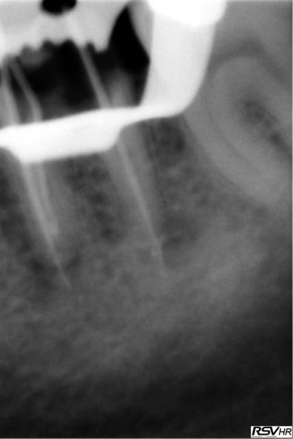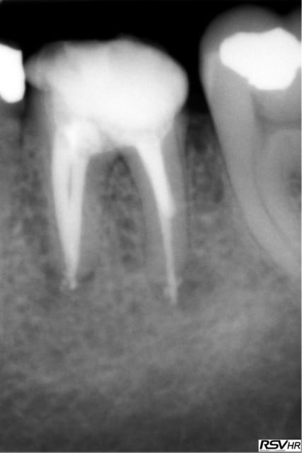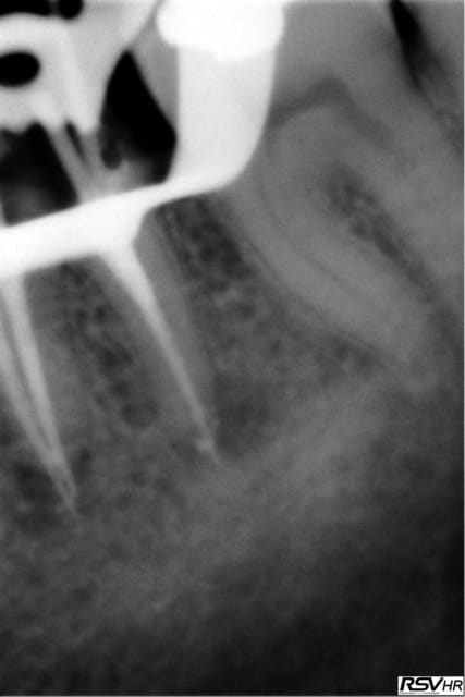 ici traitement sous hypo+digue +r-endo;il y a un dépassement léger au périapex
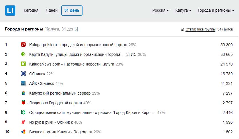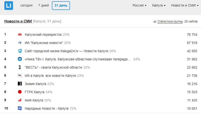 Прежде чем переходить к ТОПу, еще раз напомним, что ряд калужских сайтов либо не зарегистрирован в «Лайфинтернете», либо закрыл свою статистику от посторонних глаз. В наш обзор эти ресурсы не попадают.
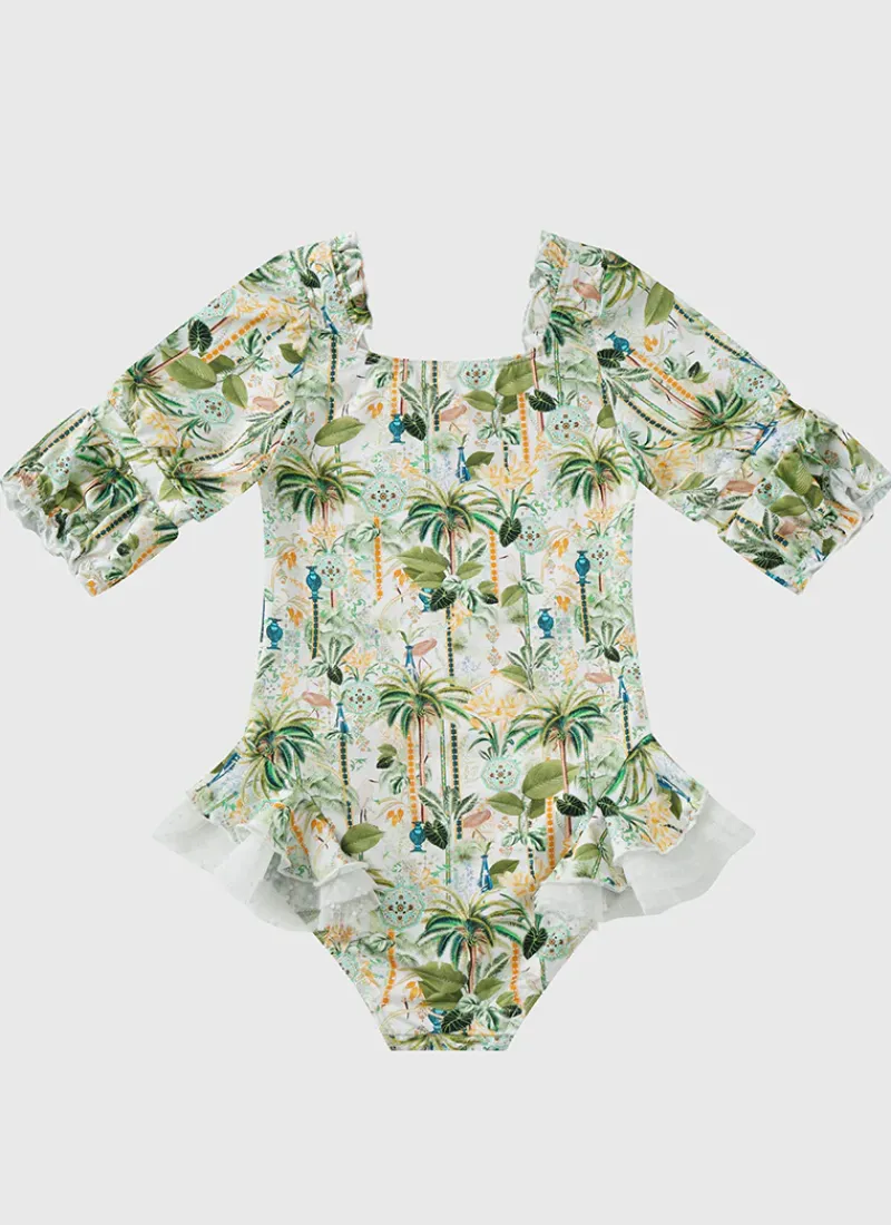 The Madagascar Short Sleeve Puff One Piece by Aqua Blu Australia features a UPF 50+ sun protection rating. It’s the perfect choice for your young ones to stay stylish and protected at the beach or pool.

■ **Task details**
Give the preceding data back exactly, minus every picture.

■ **Task answer**
 ici traitement sous hypo+digue +r-endo;il y a un dépassement léger au périapex
 Прежде чем переходить к ТОПу, еще раз напомним, что ряд калужских сайтов либо не зарегистрирован в «Лайфинтернете», либо закрыл свою статистику от посторонних глаз. В наш обзор эти ресурсы не попадают.
 The Madagascar Short Sleeve Puff One Piece by Aqua Blu Australia features a UPF 50+ sun protection rating. It’s the perfect choice for your young ones to stay stylish and protected at the beach or pool.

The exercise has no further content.